[Record set]:
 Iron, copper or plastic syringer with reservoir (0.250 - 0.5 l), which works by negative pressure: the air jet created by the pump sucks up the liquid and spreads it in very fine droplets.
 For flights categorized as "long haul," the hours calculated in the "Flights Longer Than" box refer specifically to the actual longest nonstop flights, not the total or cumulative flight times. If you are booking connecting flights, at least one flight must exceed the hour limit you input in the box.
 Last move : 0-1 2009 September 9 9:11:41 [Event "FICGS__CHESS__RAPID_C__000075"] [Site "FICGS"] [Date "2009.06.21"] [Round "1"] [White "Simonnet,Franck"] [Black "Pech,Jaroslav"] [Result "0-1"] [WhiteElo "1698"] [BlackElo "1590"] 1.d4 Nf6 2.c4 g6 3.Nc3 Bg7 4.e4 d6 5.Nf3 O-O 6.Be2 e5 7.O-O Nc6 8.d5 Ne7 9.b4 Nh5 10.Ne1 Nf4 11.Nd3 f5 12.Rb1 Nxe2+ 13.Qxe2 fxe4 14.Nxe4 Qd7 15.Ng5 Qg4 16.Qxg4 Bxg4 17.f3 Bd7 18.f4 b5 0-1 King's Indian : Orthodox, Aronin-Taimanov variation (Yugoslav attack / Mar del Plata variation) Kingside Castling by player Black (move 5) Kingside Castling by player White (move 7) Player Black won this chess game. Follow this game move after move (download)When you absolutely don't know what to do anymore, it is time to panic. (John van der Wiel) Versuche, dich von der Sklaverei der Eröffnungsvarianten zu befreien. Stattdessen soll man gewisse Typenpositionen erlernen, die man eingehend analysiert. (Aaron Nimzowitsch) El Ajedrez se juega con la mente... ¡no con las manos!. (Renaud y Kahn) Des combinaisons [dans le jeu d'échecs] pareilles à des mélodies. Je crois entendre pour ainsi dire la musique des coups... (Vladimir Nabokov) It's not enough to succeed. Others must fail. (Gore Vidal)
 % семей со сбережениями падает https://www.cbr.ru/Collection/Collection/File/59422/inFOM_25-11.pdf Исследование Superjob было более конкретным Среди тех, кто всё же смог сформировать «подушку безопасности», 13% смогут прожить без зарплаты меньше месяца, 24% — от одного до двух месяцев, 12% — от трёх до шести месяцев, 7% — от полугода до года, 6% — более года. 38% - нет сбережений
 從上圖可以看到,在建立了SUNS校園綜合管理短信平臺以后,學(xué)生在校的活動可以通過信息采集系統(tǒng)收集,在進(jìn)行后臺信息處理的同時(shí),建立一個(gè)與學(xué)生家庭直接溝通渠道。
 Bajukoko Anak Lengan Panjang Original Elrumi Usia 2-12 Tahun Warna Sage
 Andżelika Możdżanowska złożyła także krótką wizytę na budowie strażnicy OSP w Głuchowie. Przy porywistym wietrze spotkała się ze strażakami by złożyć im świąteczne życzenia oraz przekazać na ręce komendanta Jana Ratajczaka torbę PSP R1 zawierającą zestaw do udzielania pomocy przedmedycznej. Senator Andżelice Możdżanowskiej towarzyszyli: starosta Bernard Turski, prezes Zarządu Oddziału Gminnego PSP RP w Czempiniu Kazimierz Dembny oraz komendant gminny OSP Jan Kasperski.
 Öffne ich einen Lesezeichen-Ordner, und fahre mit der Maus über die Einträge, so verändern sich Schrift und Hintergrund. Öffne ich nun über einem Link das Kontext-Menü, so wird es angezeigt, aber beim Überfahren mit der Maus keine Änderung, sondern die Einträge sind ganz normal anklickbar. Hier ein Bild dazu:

---

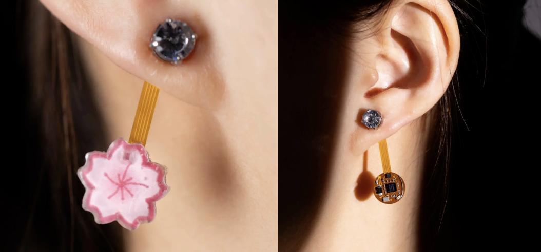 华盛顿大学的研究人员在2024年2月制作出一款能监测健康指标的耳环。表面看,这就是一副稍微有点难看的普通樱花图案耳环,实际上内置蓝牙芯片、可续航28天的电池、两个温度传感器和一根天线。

* * *

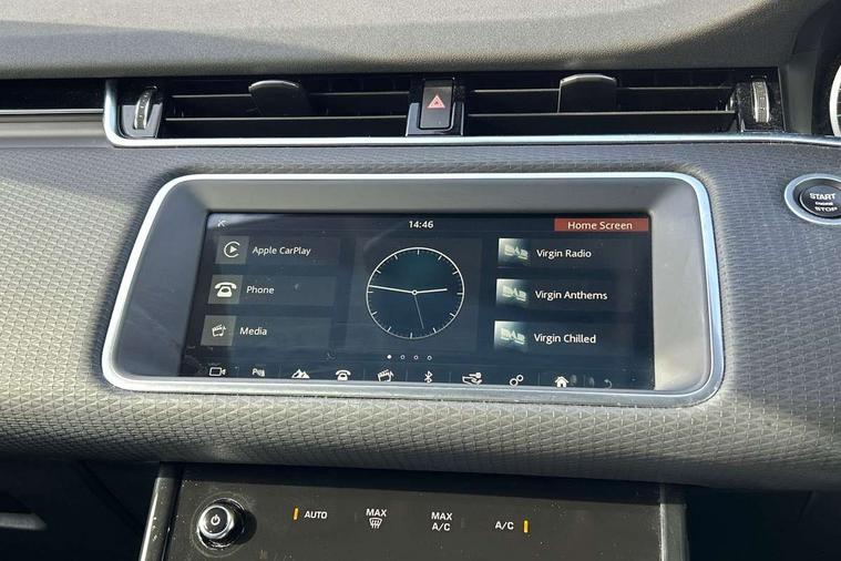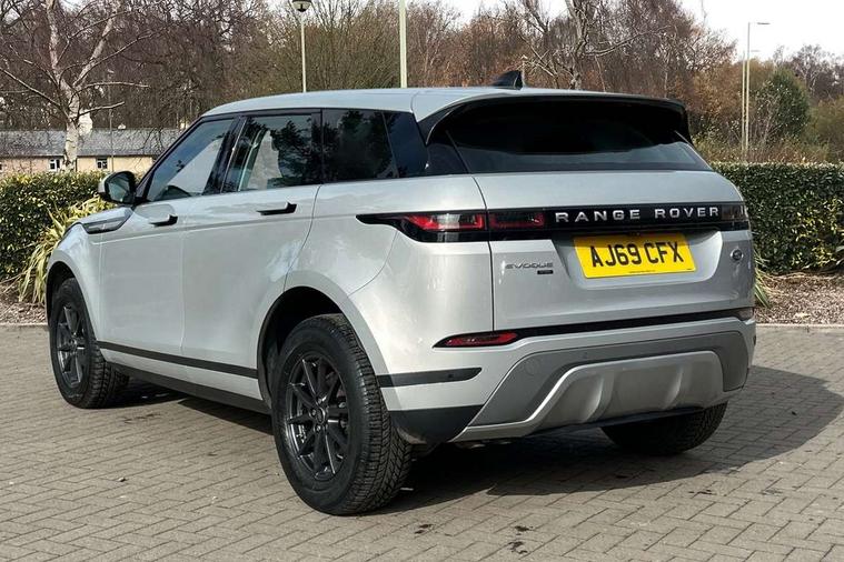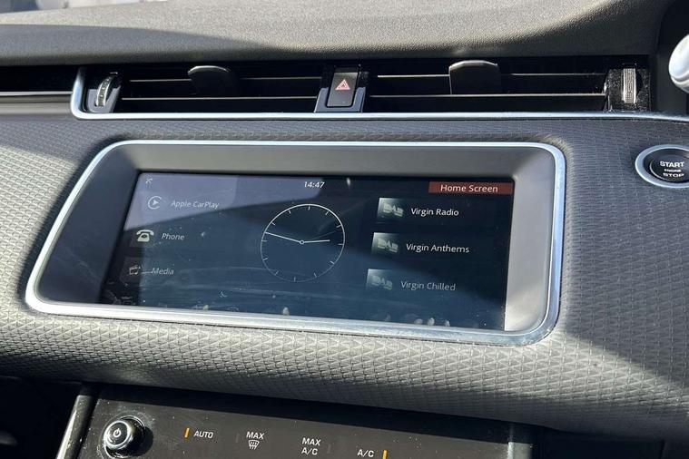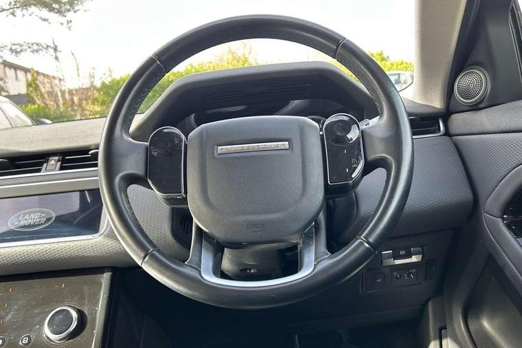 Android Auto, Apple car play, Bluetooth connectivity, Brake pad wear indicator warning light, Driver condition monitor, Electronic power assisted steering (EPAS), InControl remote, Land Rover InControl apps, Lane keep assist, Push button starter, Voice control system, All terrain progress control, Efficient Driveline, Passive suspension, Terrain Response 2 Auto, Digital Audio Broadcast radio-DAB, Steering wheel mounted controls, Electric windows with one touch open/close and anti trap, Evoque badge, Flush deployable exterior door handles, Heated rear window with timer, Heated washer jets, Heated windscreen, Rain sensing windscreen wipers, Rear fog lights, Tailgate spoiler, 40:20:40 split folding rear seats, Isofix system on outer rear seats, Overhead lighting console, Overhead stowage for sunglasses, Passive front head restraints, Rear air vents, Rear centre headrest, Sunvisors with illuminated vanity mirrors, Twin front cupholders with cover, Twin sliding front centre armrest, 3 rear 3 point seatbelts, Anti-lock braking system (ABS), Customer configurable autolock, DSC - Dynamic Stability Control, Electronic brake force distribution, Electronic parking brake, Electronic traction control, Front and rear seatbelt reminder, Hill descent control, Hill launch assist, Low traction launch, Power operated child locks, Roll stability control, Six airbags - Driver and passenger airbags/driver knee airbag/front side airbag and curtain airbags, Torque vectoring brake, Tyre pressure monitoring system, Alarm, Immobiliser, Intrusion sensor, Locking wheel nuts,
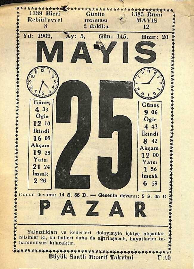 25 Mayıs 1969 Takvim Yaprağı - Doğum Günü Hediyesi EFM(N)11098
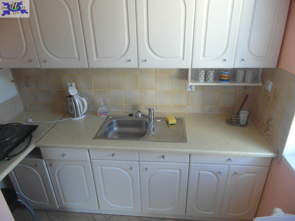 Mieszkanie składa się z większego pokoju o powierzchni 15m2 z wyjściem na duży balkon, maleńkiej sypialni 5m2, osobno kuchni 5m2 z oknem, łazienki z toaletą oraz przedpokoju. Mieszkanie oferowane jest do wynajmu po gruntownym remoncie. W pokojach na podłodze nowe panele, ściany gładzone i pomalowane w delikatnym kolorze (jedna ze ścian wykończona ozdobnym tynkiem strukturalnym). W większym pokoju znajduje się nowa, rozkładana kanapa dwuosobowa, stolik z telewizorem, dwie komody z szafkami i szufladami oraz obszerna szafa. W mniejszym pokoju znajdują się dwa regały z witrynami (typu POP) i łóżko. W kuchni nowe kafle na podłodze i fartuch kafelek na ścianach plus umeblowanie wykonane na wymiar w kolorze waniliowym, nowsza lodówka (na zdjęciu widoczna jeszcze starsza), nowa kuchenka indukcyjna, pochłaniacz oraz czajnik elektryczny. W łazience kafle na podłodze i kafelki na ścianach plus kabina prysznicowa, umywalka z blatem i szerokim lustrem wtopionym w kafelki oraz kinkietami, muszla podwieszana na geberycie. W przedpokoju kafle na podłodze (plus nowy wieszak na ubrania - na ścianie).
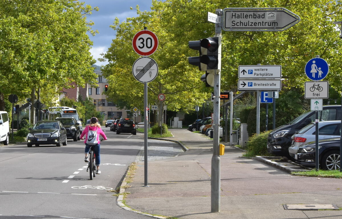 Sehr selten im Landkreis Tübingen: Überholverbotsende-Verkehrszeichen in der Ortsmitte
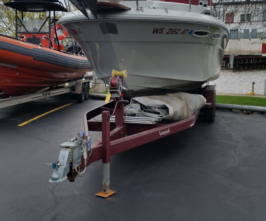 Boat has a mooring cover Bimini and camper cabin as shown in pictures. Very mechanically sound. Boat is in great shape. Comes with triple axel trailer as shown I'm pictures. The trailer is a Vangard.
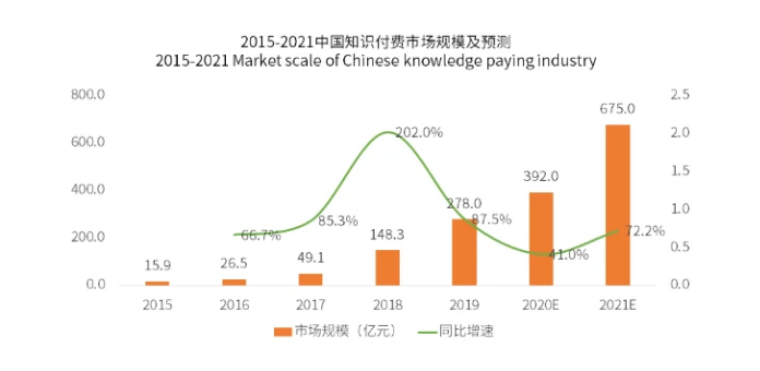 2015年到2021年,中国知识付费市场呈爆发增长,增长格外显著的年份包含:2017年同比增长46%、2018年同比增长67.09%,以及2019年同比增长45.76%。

[Problem requirements]:
From the entries above, print the lines beginning at the one with "For flights categorized" and stopping after the one with "Last move : 0-1", exactly as written and with nothing else.

[Expected output]:
 For flights categorized as "long haul," the hours calculated in the "Flights Longer Than" box refer specifically to the actual longest nonstop flights, not the total or cumulative flight times. If you are booking connecting flights, at least one flight must exceed the hour limit you input in the box.
 Last move : 0-1 2009 September 9 9:11:41 [Event "FICGS__CHESS__RAPID_C__000075"] [Site "FICGS"] [Date "2009.06.21"] [Round "1"] [White "Simonnet,Franck"] [Black "Pech,Jaroslav"] [Result "0-1"] [WhiteElo "1698"] [BlackElo "1590"] 1.d4 Nf6 2.c4 g6 3.Nc3 Bg7 4.e4 d6 5.Nf3 O-O 6.Be2 e5 7.O-O Nc6 8.d5 Ne7 9.b4 Nh5 10.Ne1 Nf4 11.Nd3 f5 12.Rb1 Nxe2+ 13.Qxe2 fxe4 14.Nxe4 Qd7 15.Ng5 Qg4 16.Qxg4 Bxg4 17.f3 Bd7 18.f4 b5 0-1 King's Indian : Orthodox, Aronin-Taimanov variation (Yugoslav attack / Mar del Plata variation) Kingside Castling by player Black (move 5) Kingside Castling by player White (move 7) Player Black won this chess game. Follow this game move after move (download)When you absolutely don't know what to do anymore, it is time to panic. (John van der Wiel) Versuche, dich von der Sklaverei der Eröffnungsvarianten zu befreien. Stattdessen soll man gewisse Typenpositionen erlernen, die man eingehend analysiert. (Aaron Nimzowitsch) El Ajedrez se juega con la mente... ¡no con las manos!. (Renaud y Kahn) Des combinaisons [dans le jeu d'échecs] pareilles à des mélodies. Je crois entendre pour ainsi dire la musique des coups... (Vladimir Nabokov) It's not enough to succeed. Others must fail. (Gore Vidal)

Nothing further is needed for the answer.